Étrange... On peut dire que la Tinbox est une œuvre en soi, relevant de l'architecture, mobile, destinée à contenir et présenter d'autres œuvres. Une boîte rouge, élaborée en plusieurs dimensions, évoquant tantôt une cabine téléphonique britannique, tantôt un van percé d'ouvertures, ou encore quelque vitrine close dans un cube blanc. Ces créations sont signées Nadia Russell Kissoon, à la tête de l'Agence Créative (Bordeaux) qui les désigne sous le label galerie-œuvre mobile. Nadia Russell Kissoon estime non sans humour que ses Tinbox sont des châsses. On pense aux coffrets précieux qui conservent de saintes reliques, mais les Tinchâsses mobiles sont plus humblement des espaces de présentation susceptibles d'attirer les passants. Il s'agit de les poser dans des territoires variés " avec une volonté forte de lutter contre l'entre-soi de l'art contemporain ".
Nadia Russell Kissoon a choisi pour épHémères deux artistes : Suzanne Husky et Johann Bernard. Tous deux sont sensibles aux questions écologiques et visent à donner une dimension sociale à leurs créations. Johann Bernard, excellent dessinateur, réalisera une œuvre in situ. Suzanne Husky, artiste pluridisciplinaire (conception de jardins, céramique, sculpture, vidéos...) aime évoquer les paysages dans lesquels elle installe ses créations. Déjà étonnés par cette drôle de boîte rouge, nous le serons d'autant plus que nous serons sommés de jouer un rôle de voyeur. Les œuvres installées dans la Tinbox se découvrent, en effet, uniquement à travers ses baies vitrées. No entry. Pas toucher. Prière de rêver et d'imaginer...

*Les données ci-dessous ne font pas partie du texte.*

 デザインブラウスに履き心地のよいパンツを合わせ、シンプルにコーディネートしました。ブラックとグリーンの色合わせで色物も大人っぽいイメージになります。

Cette approche nomade ne pouvait que rencontrer les attentes et l'enthousiasme d'épHémères. Les lieux inattendus, les mises en scène insolites de l'art contemporain, les rencontres de hasard entre des publics nouveaux et des artistes habitués à d'autres types d'invitation... La collaboration allait de soi. Le lieu apparut comme une évidence. Un pré, au bord de l'eau, à la pointe paisible d'un... camping. Celui de Lalinde, municipal, sis entre deux eaux, celles du ruisseau de l'Aiguillou et celles de la Dordogne où se plaisent les cygnes. Un espace de verdure et de quiétude tout en bout de terrain. "

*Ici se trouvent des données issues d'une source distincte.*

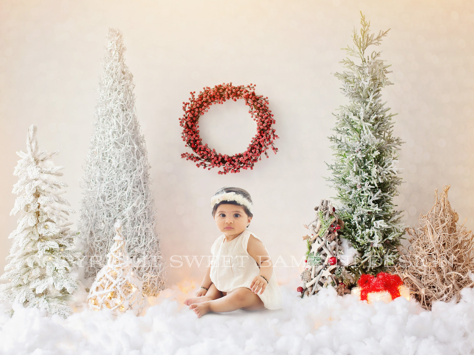Christmas Digital Photography Backdrop for sitters - Lovely little Christmas scene, with snowy trees and Christmas Wreath perfect for boys or girls.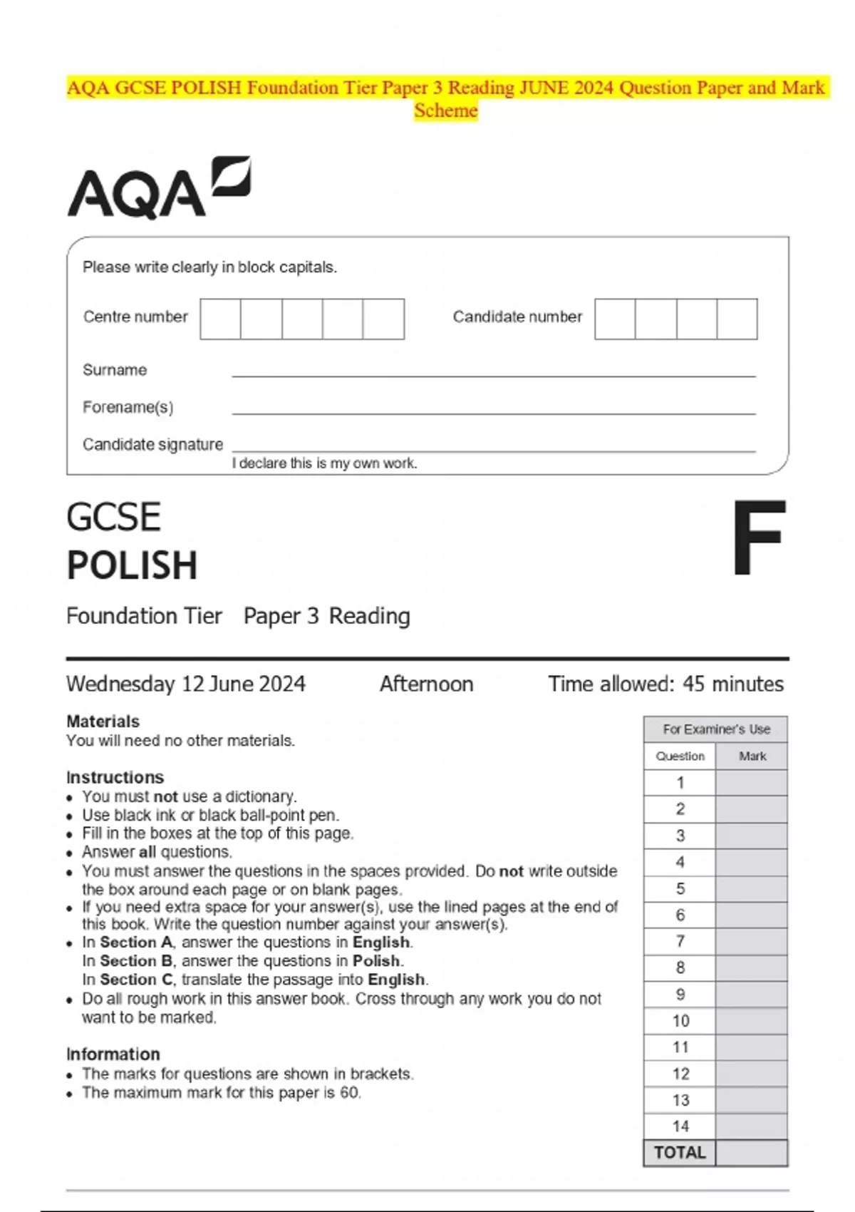 AQA GCSE POLISH Foundation Tier Paper 3 Reading JUNE 2024 Question Paper and Mark Scheme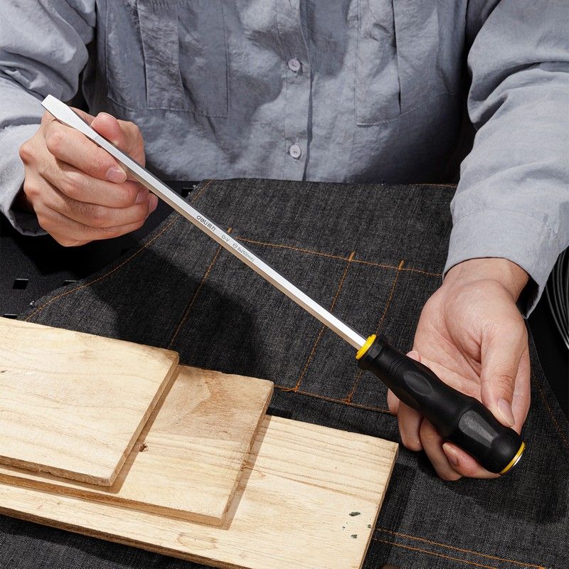 Ударная шлицевая отвёртка со сквозным хвостовиком Deli — это незаменимый инструмент для любого мастера. Она предназначена для закручивания и откручивания крепёжных элементов с прямым шлицем.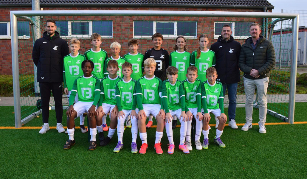 Hinten von links: Trainer Thomas Schulze Spüntrup, Fiete Tenkamp, Matz Maring, Justus Höink, Benjamin Hüsken, Oskar Brinkmann, Theo Stockmann, Jantje Hollemann, Trainer Lennard Bussmann, Sponsor Jochen Hollemann; vorne von links Jayden Damien, Till Kluthe, John Volmer, Jannis Selting, Kolos Katona, Leo Michel, Luis Bressau; es fehlt Trainer Justus Eggemann.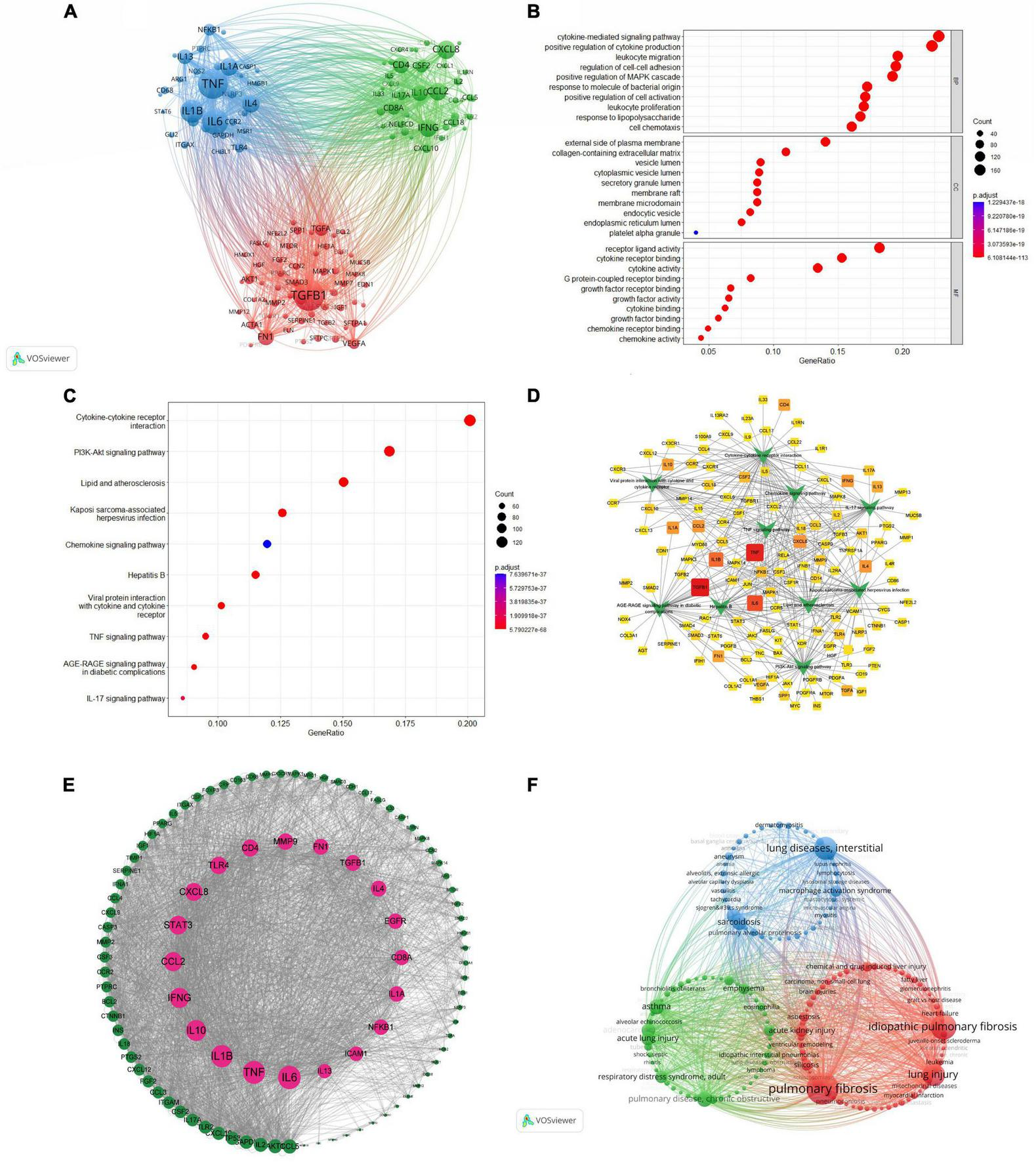 Using VOSviewer software, co-occurrence clustering analysis of genes associated with macrophages and PF research was conducted. The Citexs Big Data platform extracted a total of 3,299 genes from 3,479 articles, setting a minimum occurrence threshold of 30 times for each gene (authors meeting these criteria were included in the visualization) (Figure 6A). The resulting visual map comprises nodes represented by circles and labels, with the size of each circle proportional to the frequency of gene occurrence. The thickness of lines connecting circles reflects the strength of relationships between genes. Different-colored nodes form distinct clusters, representing gene clusters in different domains. Notably, the red cluster is led by TGFβ1, the blue cluster by TNF, and the green cluster by CXCL8, each exhibiting the highest popularity within their respective gene clusters. Complete data can be found in Supplementary Table 11.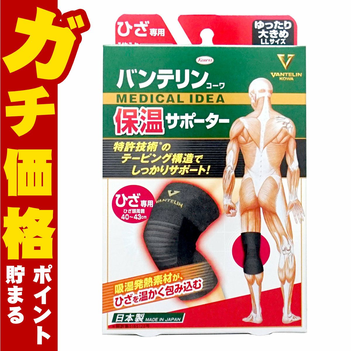 コーワ バンテリン 保温サポーターひざ用 ブラックLL(ゆったり大きめ)※ひざ頭周囲40~43cm【バンテリン膝サポーター 日本製 Kowa 興和】【メール便対応商品】【SBT】(6045645)
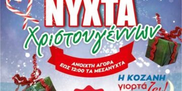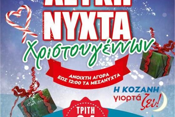 Κατά τη διάρκεια αυτής της βραδιάς τα καταστήματα θα παραμείνουνανοιχτά έως τις 12 τα μεσάνυχτα, με είδη σε προνομιακές τιμές, μεγάλες προσφορές. Την ίδια μέρα ο Δήμος Κοζάνης θα φωταγωγήσει το Χριστουγεννιάτικο δέντρο στην κεντρική πλατεία Κοζάνης, ενώ παράλληλα θα δοθεί μεγάλη εορταστική συναυλία με την Μαρίνα Σάττι και τους Fones, ενώ παρουσιάζει ο Γιώργος Χατζηπαύλου!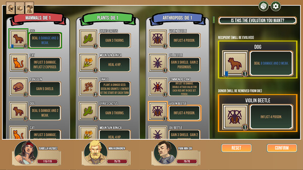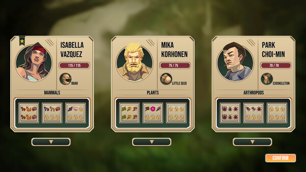 Six classes: Mammals, plants, arthropods, reptiles, aquatic life, microbes - choose your team of three adventurers and discover which combination best suits your playstyle.

Annie Wolff, présidente de l'association les Rives de l'art organisatrice de la Biennale éphémères

- Johann Bernard vit et travaille à Bordeaux et ailleurs, au gré de ses voyages. Dessinateur, cycliste, photographe et performeur, ses travaux variés intègrent une multitude de langages plastiques liés à des protocoles d'exploration de paysages naturels ou urbains.

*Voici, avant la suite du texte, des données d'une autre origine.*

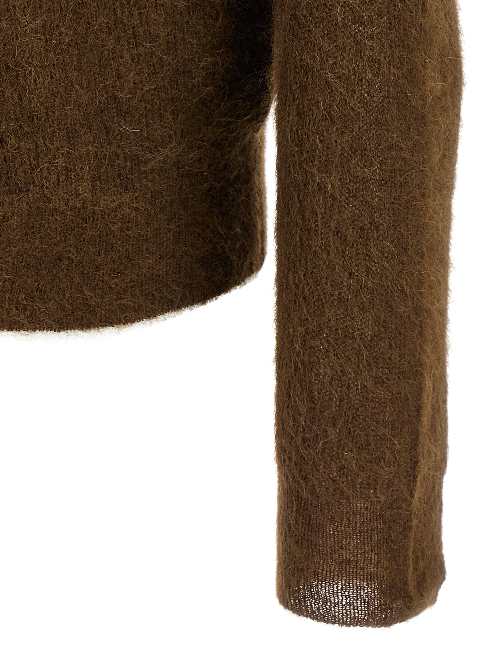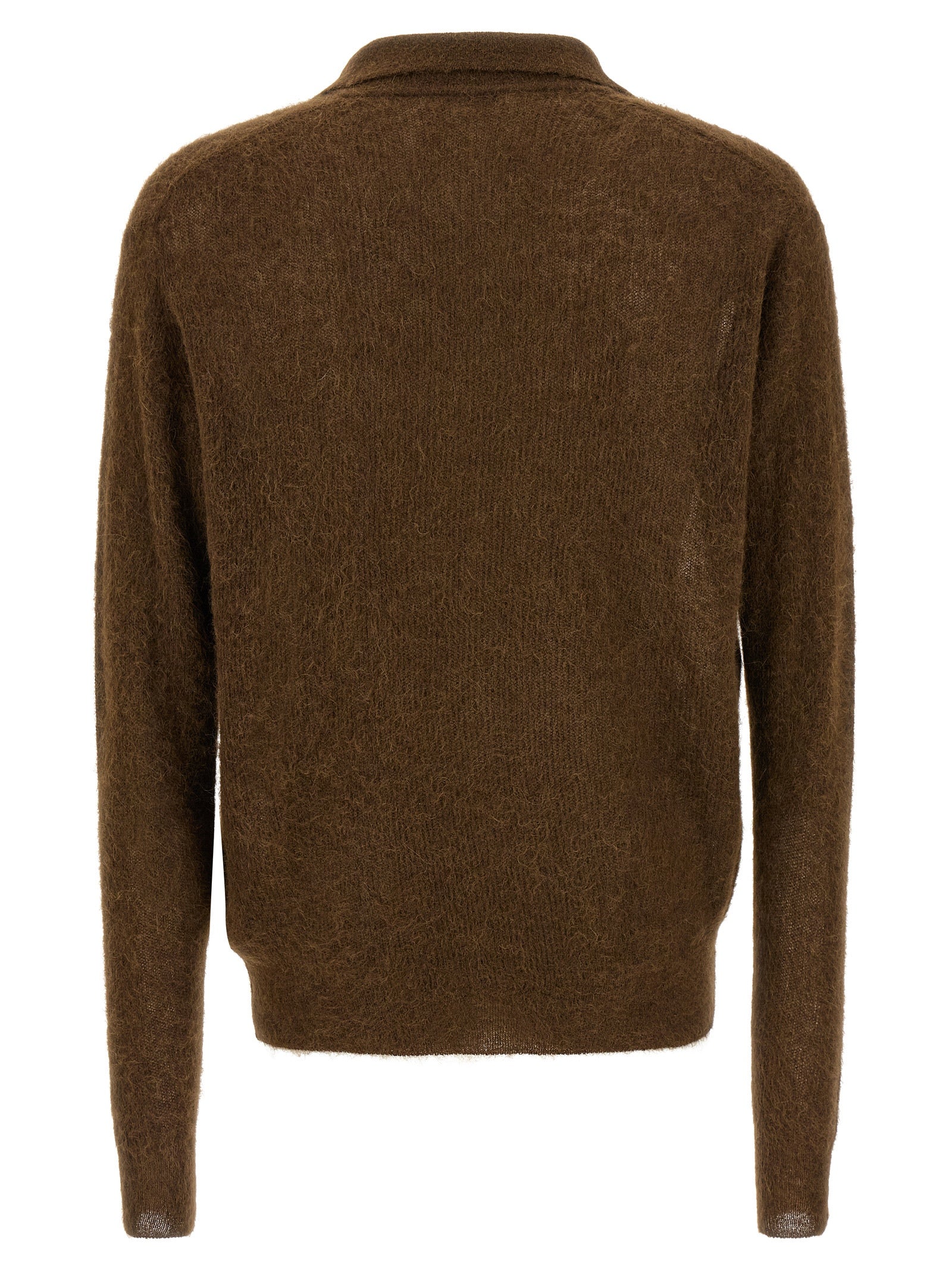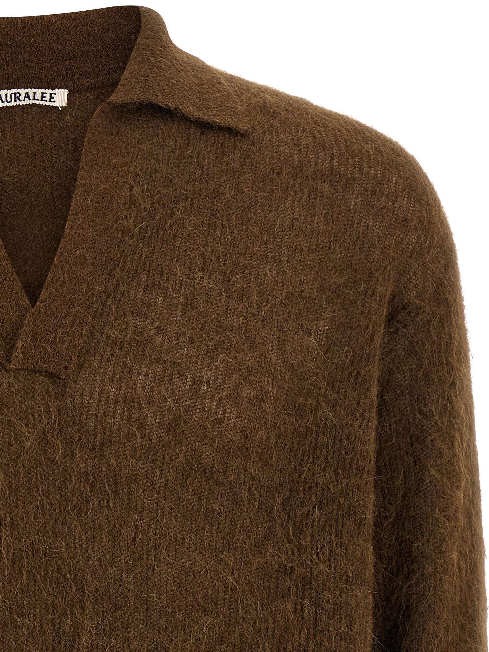 Polo 衫,采用珍贵的 tam 纱线制成,采用稀有的苏里小羊驼毛制成,V 领、立领、长袖、袖口和落肩。

- Suzanne Husky, franco-américaine, vit et travaille en France et à San Francisco. Diplômée de paysagisme horticole (Merrit College, Oakland, USA), elle s'intéresse particulièrement à l'environnement dont elle fait un thème important de ses recherches plastiques. Depuis 2003, elle a bénéficié de résidences d'artistes aux Etats-Unis et au Canada et exposé régulièrement en France et aux Etats-Unis.